_DATA_.
——————————

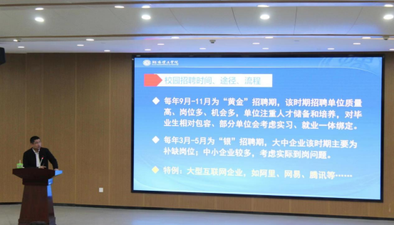 会议伊始,刘处长从“高校毕业生的就业状况”、“毕业生就业现状与需求”、“如何精准获取求职机会”、“常见校园招聘问题解答”四个方面入手。以去年就业报告与就业数据为引子,结合当下实事,勉励同学们找准最佳就业时期,抓住校园招聘这一规模大、高层次企业占比高的最佳机会。
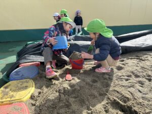 縄跳び、鬼ごっこ、かくれんぼ、砂遊びなど、子ども達が好きな遊びを選び、
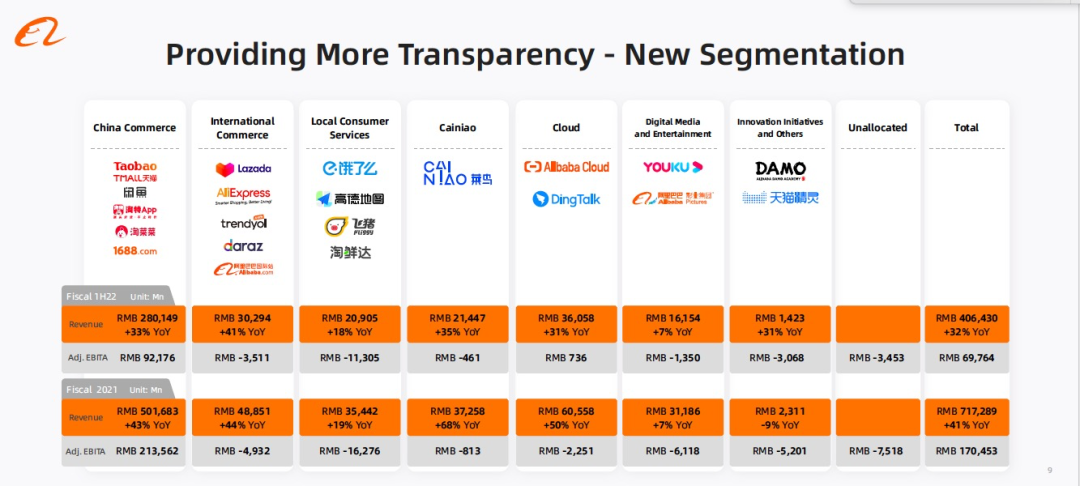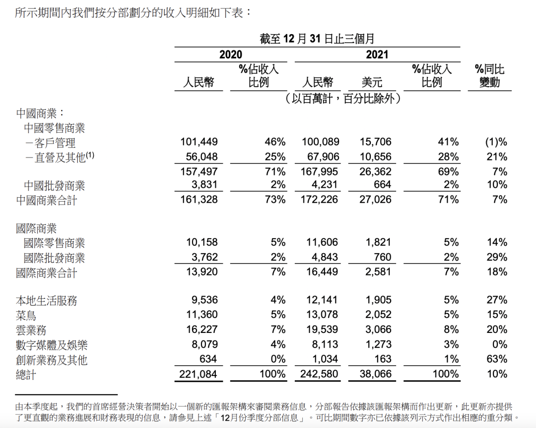 這季財報中,阿里將商業(yè)分部進一步拆分為「中國商業(yè)」、「國際商業(yè)」、「本地生活服務」、「菜鳥」四個部分,投資者能夠清晰看到每個業(yè)務單元的表現(xiàn)。
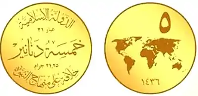 5 динарів, 1436 (2014 н.е) року, Au Харакатеристика монети: Вага: 21,25 гр. Діаметр 29 мм. Товща: 2,30 гр. Гурт: рифленний. Тираж: невідомий Опис монети: аверс: Емітент, маса монети, проба металу, номінал надписом реверс: мапа Світу, номінал цифрою, рік за Гіджрою примітки: Модел'єр невідомий. Підпільний монетний двір в Газіантепі

——————————

_TASK DIRECTIONS_. Using the material above, transcribe exactly the lines from the one holding "縄跳び、鬼ごっこ、かくれんぼ、砂遊びなど、子ども達が好きな遊びを選び、" to the one holding "這季財報中,阿里將商業(yè", both ends kept. Do not carry over any pictures.

_PROBLEM SOLUTION_.
 縄跳び、鬼ごっこ、かくれんぼ、砂遊びなど、子ども達が好きな遊びを選び、
 這季財報中,阿里將商業(yè)分部進一步拆分為「中國商業(yè)」、「國際商業(yè)」、「本地生活服務」、「菜鳥」四個部分,投資者能夠清晰看到每個業(yè)務單元的表現(xiàn)。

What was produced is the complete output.